Exercise material -
*-*-*

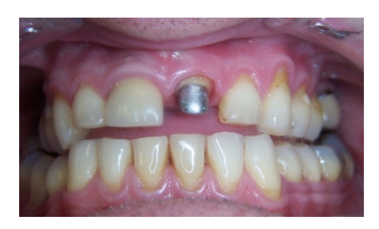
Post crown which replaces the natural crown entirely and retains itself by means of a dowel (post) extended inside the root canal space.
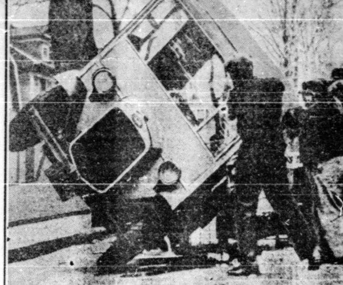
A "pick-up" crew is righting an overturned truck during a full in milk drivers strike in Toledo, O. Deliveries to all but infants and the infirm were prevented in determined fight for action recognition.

*-*-*

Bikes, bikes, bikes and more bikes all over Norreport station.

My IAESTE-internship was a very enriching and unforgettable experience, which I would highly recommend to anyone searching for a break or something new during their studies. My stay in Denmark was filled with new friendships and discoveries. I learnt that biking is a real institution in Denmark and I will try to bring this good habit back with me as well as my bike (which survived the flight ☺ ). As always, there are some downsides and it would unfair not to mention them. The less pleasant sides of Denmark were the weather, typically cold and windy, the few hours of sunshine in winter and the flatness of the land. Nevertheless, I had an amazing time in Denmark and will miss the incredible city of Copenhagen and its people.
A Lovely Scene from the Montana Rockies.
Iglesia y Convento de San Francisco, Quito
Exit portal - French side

*-*-*

Can you repeat, word for word, every line above from the one containing "My IAESTE-internship was" down to the one containing "Exit portal - French side", including both?

My IAESTE-internship was a very enriching and unforgettable experience, which I would highly recommend to anyone searching for a break or something new during their studies. My stay in Denmark was filled with new friendships and discoveries. I learnt that biking is a real institution in Denmark and I will try to bring this good habit back with me as well as my bike (which survived the flight ☺ ). As always, there are some downsides and it would unfair not to mention them. The less pleasant sides of Denmark were the weather, typically cold and windy, the few hours of sunshine in winter and the flatness of the land. Nevertheless, I had an amazing time in Denmark and will miss the incredible city of Copenhagen and its people.
A Lovely Scene from the Montana Rockies.
Iglesia y Convento de San Francisco, Quito
Exit portal - French side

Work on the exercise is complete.